On March 15, 2017, Southway declared MAAMECH had defaulted on the Subcontract. On May 11, 2017, Southway and the Sureties entered into a Memorandum of Understanding (the “MOU”) that provided that disputes under the MOU, Subcontract, or Bond would be resolved in Virginia in accordance with the Subcontract and Bond as interpreted by Virginia’s laws. On April 30, 2018, the Sureties denied Southway’s claim under the Bond’s Limitation Provision. On November 1, 2019, the Sureties filed a declaratory judgment action, seeking a declaration that Southway was time-barred from suing under the Bond’s Limitation Provision. The Sureties argued that Southway needed to bring suit on the Bond by no later than March 15, 2018, one year from when Southway declared MAAMECH in breach. The Sureties filed for summary judgment. Southway argued that Maryland law applied to the Bond because it was issued in Maryland, the Limitation Provision in the Bond was void ab initio, and that Virginia’s 5-year limitation period applied to the filing of a claim under the Bond.
The Supreme Court of Virginia disagreed with Southway and affirmed the Circuit Court.
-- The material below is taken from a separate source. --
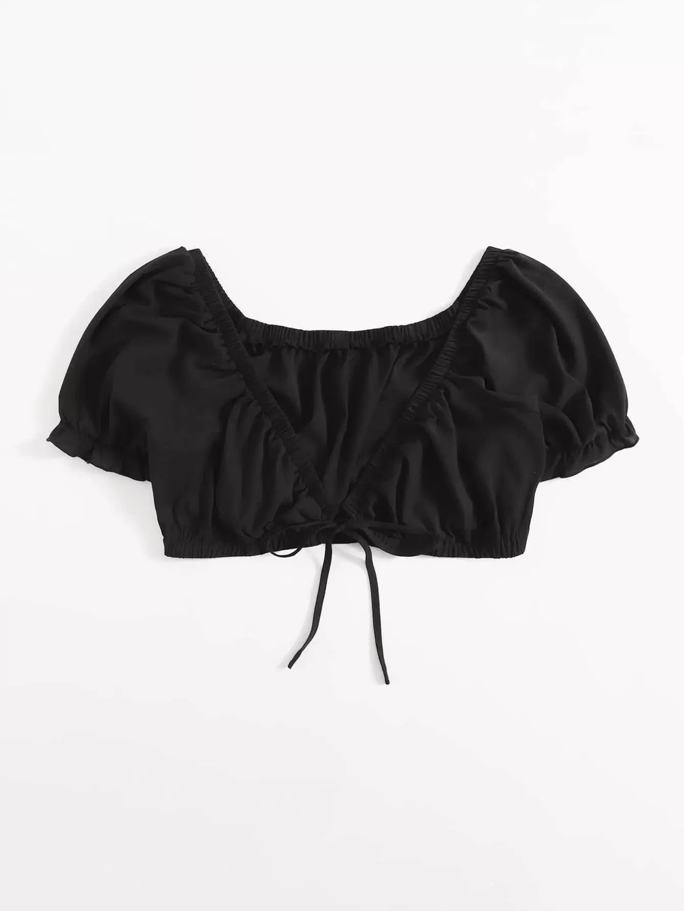 Plus Solid Tie Front Crop Top

The Bond is construed as an insurance contract. Unless otherwise specified, actions on written contracts must be brought within 5 years. Va. Code § 8.01-246(2). However, no provision in any insurance policy will be valid if it limits the time within which an action may be brought to less than 1 year after the loss occurs or the cause of action accrues. Va. Code § 38.2-314. If Virginia’s choice-of-law rules required the Circuit Court to apply Maryland law and Maryland law rendered the Limitation Provision void, the Saving Provision in the Bond would apply to the applicable limitation period and Virginia Code § 38.2-314 allows the parties to an insurance contract to reduce the limitation period to 1 year. Construing the Saving Provision according to its plain meaning, the “least possible” limitation period “valid” in an insurance contract in Virginia is 1 year.